DATA RECORDS Start Marker

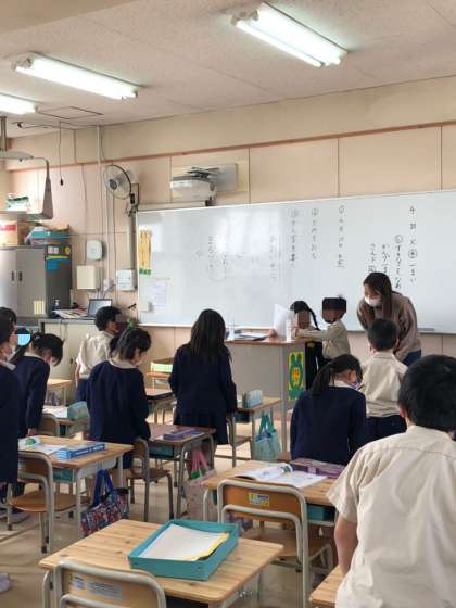 2−1の朝の会の様子です。日直さんが前に立って、挨拶をしました。そのあと、健康観察をしていました。
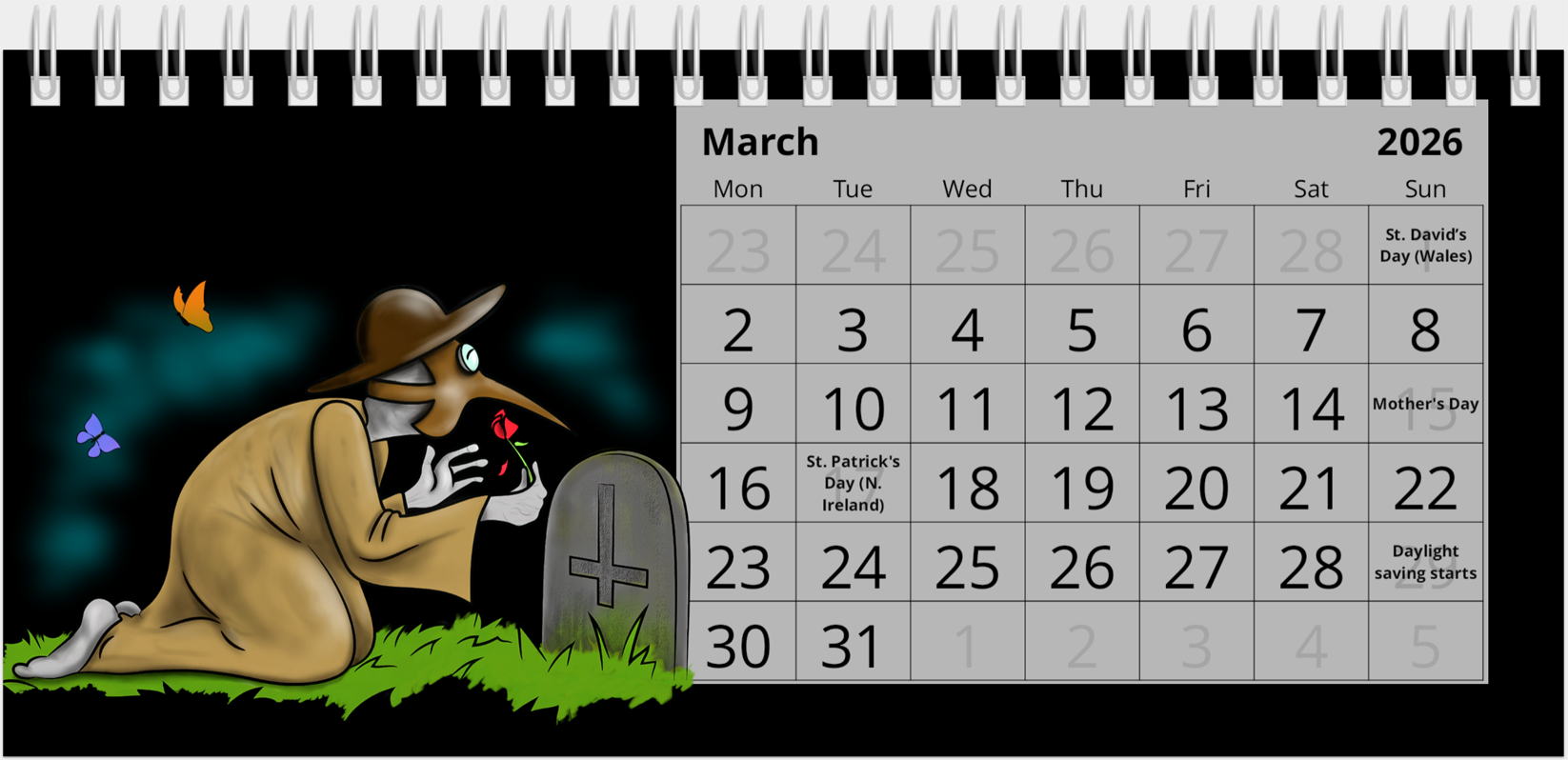 Breeze through the next 12 months with images that inspire and invigorate with various depictions of medieval plague doctors.
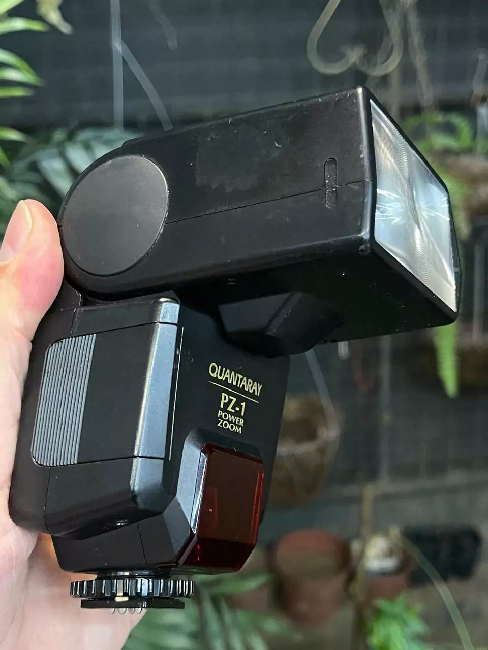 O Quantaray Flash faz medição de flash TTL que produz exposições precisas. O flash PZ-1 tem uma cabeça oscilante e giratória, uma opção de sincronização de cortina frontal ou traseira e um segundo flash menos potente que é usado quando o flash é rebatido e um Auto -off para economizar energia da bateria. Requer 4 pilhas AA de 1,5 volts (não inclusas)
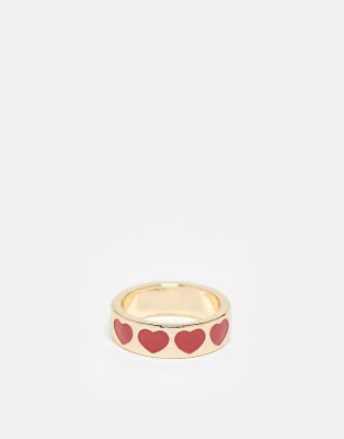 ASOS DESIGN – Goldfarbener Ring mit Herzdesign aus roter Emaille
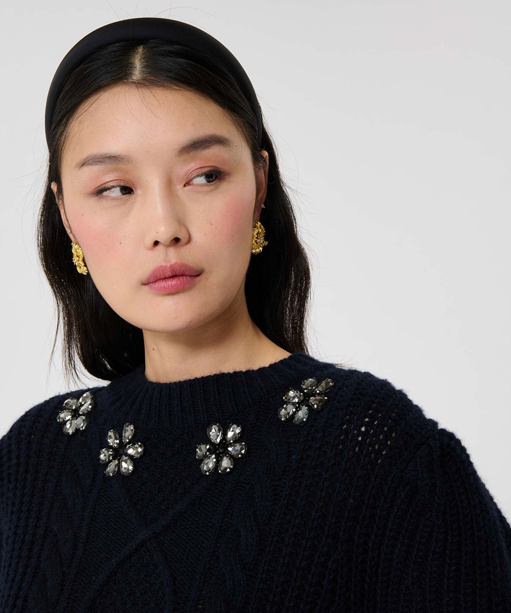 フラワーデザインのビジューが目を惹くニットはボリューム感のあるお袖がポイント
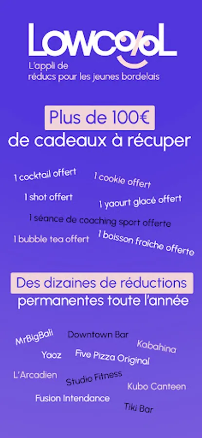The Lowcool app gives you access to more than €100 in gifts and dozens of discounts in Bordeaux!

DATA RECORDS End Marker

REQUIREMENT ::
Although the records above contain pictures, the copy must not; set down exactly the lines from the one with "O Quantaray Flash" up to and including the one with "フラワーデザインのビジューが目を惹くニットはボリューム感のあるお袖がポイント".

FINAL ANSWER ::
 O Quantaray Flash faz medição de flash TTL que produz exposições precisas. O flash PZ-1 tem uma cabeça oscilante e giratória, uma opção de sincronização de cortina frontal ou traseira e um segundo flash menos potente que é usado quando o flash é rebatido e um Auto -off para economizar energia da bateria. Requer 4 pilhas AA de 1,5 volts (não inclusas)
 ASOS DESIGN – Goldfarbener Ring mit Herzdesign aus roter Emaille
 フラワーデザインのビジューが目を惹くニットはボリューム感のあるお袖がポイント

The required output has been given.